# Which Sennheiser headphones?



## AU26 (Apr 12, 2014)

It is time to say goodby to an old trusty Sennheiser HD465 headphones (after 20 years in use) and to say hello to a new Sennheiser headphones
Not sure if Shacksters are into headphones but I will give it a go by asking for suggestion about: HD600 , HD 650 or even maybe HD700 Sennheiser headphones ( Forget about HD800). AVR is Yamaha AVENTAGE RX-A1030 with Headphone output of 150mv/100 Ohms.

Much appreciated

From HOT Australia
Zoran


----------



## AudiocRaver (Jun 6, 2012)

AU26 said:


> It is time to say goodby to an old trusty Sennheiser HD465 headphones (after 20 years in use) and to say hello to a new Sennheiser headphones
> Not sure if Shacksters are into headphones but I will give it a go by asking for suggestion about: HD600 , HD 650 or even maybe HD700 Sennheiser headphones ( Forget about HD800). AVR is Yamaha AVENTAGE RX-A1030 with Headphone output of 150mv/100 Ohms.
> 
> Much appreciated
> ...


I think you will love the HD 600 or HD 650. The HD 650 has lower distortion. The original 650 had a rolled-off high end compared to the 600 which I did not like. But they quietly changed the design since then and there is little difference now. Just don't buy a used set of 650s.

Current models: the 650s are a little cleaner, but the 600s have a little bit smoother frequency response. The clean factor does not jump out at me like the FR does, so I lean toward the 600. You would probably be really happy with either one. I know several 600 owners who love them.

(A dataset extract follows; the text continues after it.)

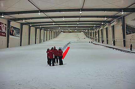 At 100m wide at its widest point the indoor slope which opened in 2006 is believed to be the widest in the world. The slope length is 300m, gradients range vary between 9 and 20 degrees, and are served by a Doppelmayr six-seat chairlift with a capacity of 3000 skiers per hour.
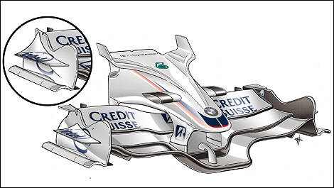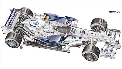 Willy Rampf : « Monaco exige des appuis maximums. Cela signifie que tous les éléments aérodynamiques doivent générer une charge verticale maximale, quitte à générer beaucoup de traînée. Nous utilisons un aileron avant qui produit le plus d'appui possible. Des petits déflecteurs de l'aileron influencent beaucoup l'écoulement de l'air autour des roues avant. Nous avons aussi monté des petits ailerons en T à l'avant des roues arrière. L'aileron arrière, fixé à la boîte de vitesses par des supports verticaux, possède la plus forte inclinaison de toute la saison. Nous avons aussi utilisé pour la première fois les déflecteurs de roues qui généraient un peu d'appui aérodynamique ».

I have not yet heard the 700s.


----------



## chashint (Jan 12, 2011)

There is a very good review of the 600's here on the shack.
I have a set and love them.
The fabric ear pads hold up well but they are difficult to impossible to clean.


----------



## Locoweed (Aug 5, 2014)

I'm pleased with my HD700's If you can find place to listen to them, go for it. I do not like the cord & modified it to suit me.


----------



## AU26 (Apr 12, 2014)

Thank you very much, AudiocRaver.
Have a lovely day.

From Zoran


----------



## AU26 (Apr 12, 2014)

Thanks a lot, Charlie.

Zoran


----------



## AU26 (Apr 12, 2014)

Thanks Russ.

HD700 are 150 Ohms rated headphones, how do you drive them? With dedicated headphones amp or your AVR headphones out?
By the book and some of the forums, it looks like very interesting concept of positioning drivers to get amazing soundstage for a headphones.
What was "it" moment for you to go for HD700, as they are not cheap in Australia and I can see it, not in America either?

Cheers
Zoran


----------



## Locoweed (Aug 5, 2014)

I drive them with my AVR. I was looking for something with clarity, a sound stage & comfort. For me, comfort includes not making my ears hot. These met my goals. I live pretty far out in the sticks & finding a place to try them isn't a option. I ordered them from Amazon where I knew I could return them if I didn't like them. After about 30 seconds of listening I knew they were keepers. Just like speakers, headphones are very subjective, so you might not like them.


----------



## AU26 (Apr 12, 2014)

Hehehe, 30 seconds!
It happened to me, nearly 2 years ago, when I was shopping for a new set of front speakers and being much more music oriented than movie, I was particularly keen on finding right speakers to replace my old Wharfedale set.
And did I have a problem finding one which will sound right to my european ears? You bet!
Not until I was almost at the end of selecting French FOCAL set that I entered unremarkable store much more like TV/Audio workshop and there was Martin Logan Theos set up with Devialt amp in demo room.
So here we are with a well known CD just start playing and it didn't take 30 sec for me to yell "What!!!"
ML Theos was too big for me in more ways: too big in size and too big on cost but next morning there was set of Mart Logan Electromotion ESL playing in my room.
We'll see how it will end up with headphones. It is going to be Sennheiser again as it was always, for me.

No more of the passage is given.